Scanning electron microscopy results

Micrographs of pulp and seed, obtained by Scanning Electron Microscopy (SEM), were taken before and after the oil extraction process (Fig. 3). Figure 3A shows the internal heterogeneous cellular structure, whereas Fig. 3B shows the amorphous structure after the oil extraction by solvent. Date pulp imaged before oil extraction at the tamar stage (Fig. 3C) shows the cells already destroyed, showing only some granular structures that disappear after the oil extraction with solvent (Fig. 3D).

Antioxidant activity and phytochemical screening

Total polyphenolic content and antioxidant activities of the pulp and seed of the ‘Medjool’ cultivar are shown in the Table 7. The polyphenolic content was 1.16 (mg GAE/100 g, dw) for the pulp, while the seed showed 13.73 (mg GAE/100 g, dw). These results are in accordance with other studies (Bouhlali et al., 2017a; Bouhlali et al., 2017b).

Antioxidant activity was analyzed with three techniques. DPPH results gave an IC₅₀ of 0.079 and 0.0046 g/L for the pulp and seed, respectively. Bouhlali et al. (2017a) and Bouhlali et al. (2017b) reported an EC₅₀ of 5.25 g/L for date pulp and 0.133 g/L for seed, showing a lesser degree of antioxidant activity than in our study. In the present work, we expanded the analysis further by including a positive control, the flavonoid quercetin, which presents an IC₅₀ of 0.003 g/L in the DPPH assay.

The results for the ABTS assay for the pulp and seed were an IC₅₀ of 13.72 g/L and 0.238 g/L, respectively.

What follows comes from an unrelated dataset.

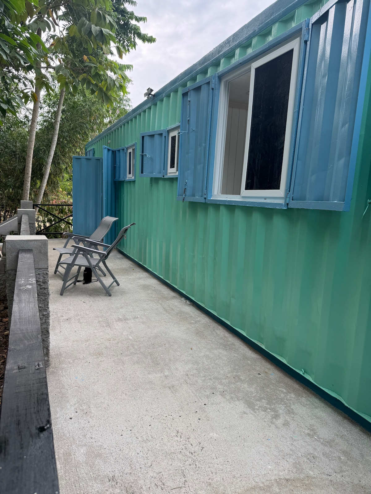 Enjoy the sounds of nature when you stay in this unique Rivers Edge Retreat. Tucked along the Reach riverbank and shaded by bamboo, this one-of-a-kind container stay is where rustic nature and modern comfort meet. The container has been reimagined into a bright, airy space with cozy beds, AC, a private bathroom, kitchen and large windows that frame the greenery outside. Step onto your patio and you’ll hear the sound of the river flowing just a few feet away — your own soundtrack for unwinding.

Quercetin as a positive control in this antioxidant technique had an IC₅₀ of 0.05 g/L. Results for the ABTS assay were not as close to the control as we had in the DPPH assay.

The results for the β-carotene oxidative decolorization assay were 65.5% of antioxidant activity for the pulp and 47.75% for the seed, while the positive control (α-tocopherol) showed 60% of activity, less than shown by the pulp. It is important to mention that no studies were found reporting the antioxidant activity in the pulp and seed of ‘Medjool’ dates employing the β-carotene technique.

The results of the qualitative analysis of metabolites in the pulp and seeds of ‘Medjool’ dates grown in Mexico are shown in Table 8. The phytochemical screening results were positive for tannins, triterpenes, steroids, and carbohydrates, while negative for alkaloids, flavonoids, saponins, anthraquinones, glucosides, and coumarins. In the case of the seed, all the parameters were positive except alkaloids, triterpenes, and steroids.